Task to carry out: Beginning at the line containing "Note: For the" in the material below and ending at the line containing "ห้องนอนส่วนตัวสว่างในแฟลตอบอุ่น", return each line exactly and add nothing.

Source data:
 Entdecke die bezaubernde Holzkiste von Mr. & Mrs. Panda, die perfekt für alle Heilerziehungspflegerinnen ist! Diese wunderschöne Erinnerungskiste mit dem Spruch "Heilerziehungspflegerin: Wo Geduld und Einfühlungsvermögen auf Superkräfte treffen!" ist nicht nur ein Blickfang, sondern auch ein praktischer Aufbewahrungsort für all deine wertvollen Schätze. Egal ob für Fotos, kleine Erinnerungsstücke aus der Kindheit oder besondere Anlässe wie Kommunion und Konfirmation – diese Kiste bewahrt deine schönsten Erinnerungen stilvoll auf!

==

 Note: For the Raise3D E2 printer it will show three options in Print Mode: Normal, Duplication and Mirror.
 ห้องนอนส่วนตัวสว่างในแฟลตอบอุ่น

Problem solution:
 Note: For the Raise3D E2 printer it will show three options in Print Mode: Normal, Duplication and Mirror.
 ห้องนอนส่วนตัวสว่างในแฟลตอบอุ่น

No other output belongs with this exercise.